We are very cognizant of his background, familiarity and champion of manufacturing and labor in the so-called Rust Belt of the upper Midwest. We grew up in that region and there is no question that foreign competition has created major problems in that region, some of them self-inflicted and some not. Some of us well remember the German and Japanese invasion of the auto industry in the ‘60s and ‘70s that embarrassed Detroit’s automakers, showing that precision engineering, smart manufacturing, better enabling and training of workers and listening to customers provided better cars and trucks.
Detroit tried to foist tiny, light-weight, plastic-laden, under-powered, fast deteriorating jitneys on us in the ‘70s and Japanese and German manufacturers buried them, driving some out of business and some to the government for bailouts.
Ironically, the new design and manufacturing system the Japanese used to beat Detroit came from an expert from New Mexico Detroit had ignored (W. Edwards Deming).
For further irony, the automakers with legions of marketing and design experts have missed the boat again. They have themselves threatened their very existence by ignoring customer demand, flouting science and physics and chasing government favor and subsidy. They’ve abandoned focus and innovation in gasoline and diesel powered vehicles and lost billions.

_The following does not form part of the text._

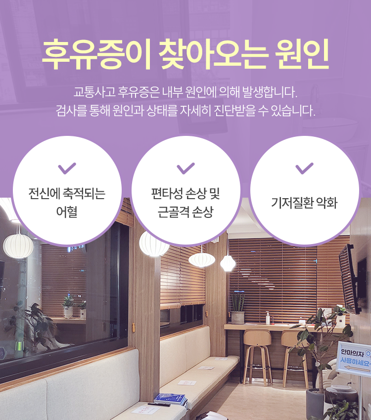 사고의 충격은 신체 내부 혈관에도 손상을 입히게 되는데요. 이로 인해 혈액이 정상적인 통로를 벗어나게끔 만들고는 합니다. 이 상황 속에서 발생하는 변질된 혈액은 노폐물이 되어 어혈이라는 이름으로 다루어지게 됩니다. 어혈은 체내 혈류 순환을 훼방 놓는 원인으로 작용하게 되면서 다양한 후유증을 유발합니다.

There is no question some of the deterioration of manufacturing in the Midwest stemmed from corporate and industry missteps. But labor unions believed that they were indispensable, that corporations could and should pay unsustainable wages and benefits, that both companies and workers were owed existence and inevitability. Not only is there no free lunch, sometimes situations change and your lunch gets eaten if you don’t adapt.
The expectations of a better standard of living is central to the recent history of the Midwest. J. D. Vance’s family moved north just as millions did after WWII, to go where manufacturing industries required little education and no capital to make good money and a higher standard of living. Recall also, that this shift was engendered by the post-war period, when America was the unchallenged economic power in the world. Europe and Asia were in ruins, our manufacturing base had actually been built up during the war and our management skills honed.

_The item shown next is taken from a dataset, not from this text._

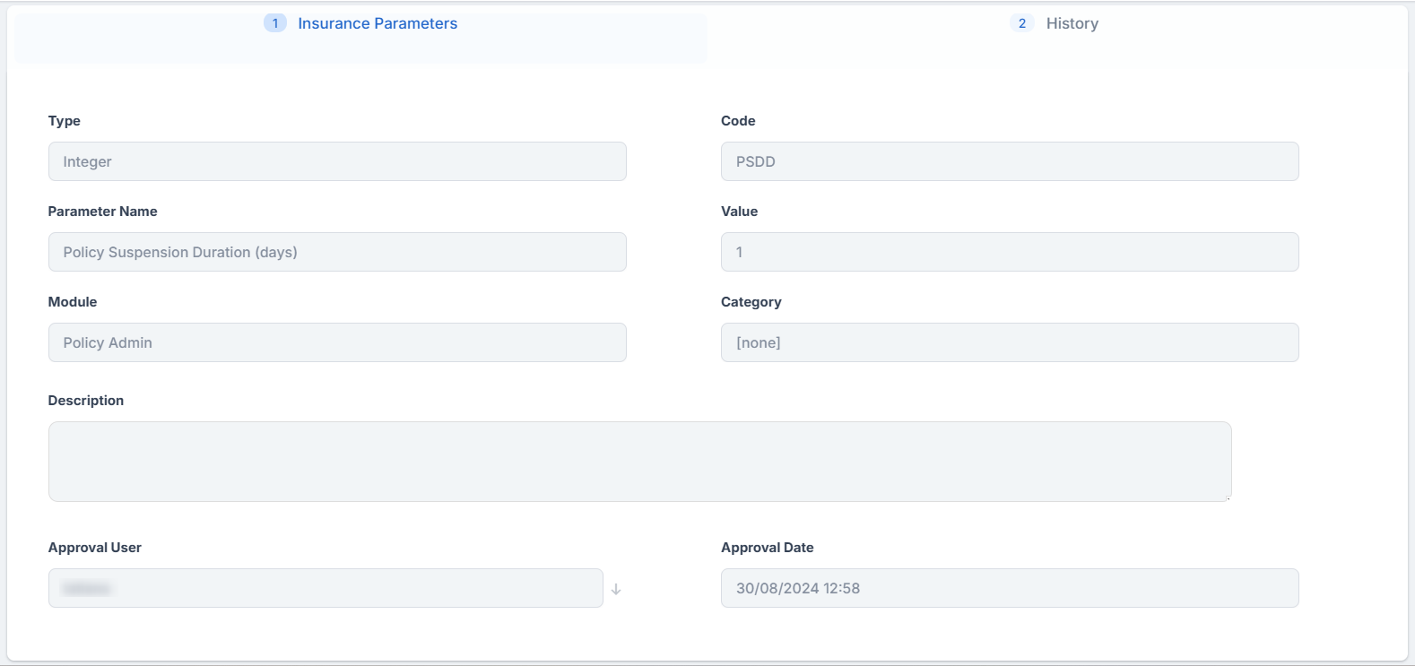 Click Save and Close. The new version is now available for approval in the History tab of the parameter record.

The ‘50s and ’60s were a tremendous era of prosperity and advancing living standards for America -- for those who had survived the pre-war Depression and the World War itself.
That all changed in the ‘70s, when the oil wars broke out, manufacturing in other parts of the world had recovered, Americans discovered inflation and the late ‘60s cultural changes began permeating American society. American industries faced real competition for the first time in decades and serious adjustment and innovation was necessary.
AFF has supported free trade from its beginning. That does not condone theft of intellectual property, unfair state subsidy of industry and unfettered shipping of products and services of military technology. But we still believe the same thing for American citizens that we have preached for the beef industry from day one. The consumer -- in this case, consumer/citizen/taxpayer -- should come first. If that means industries, companies and workers must adapt to new market conditions, to new paradigms of production, so be it.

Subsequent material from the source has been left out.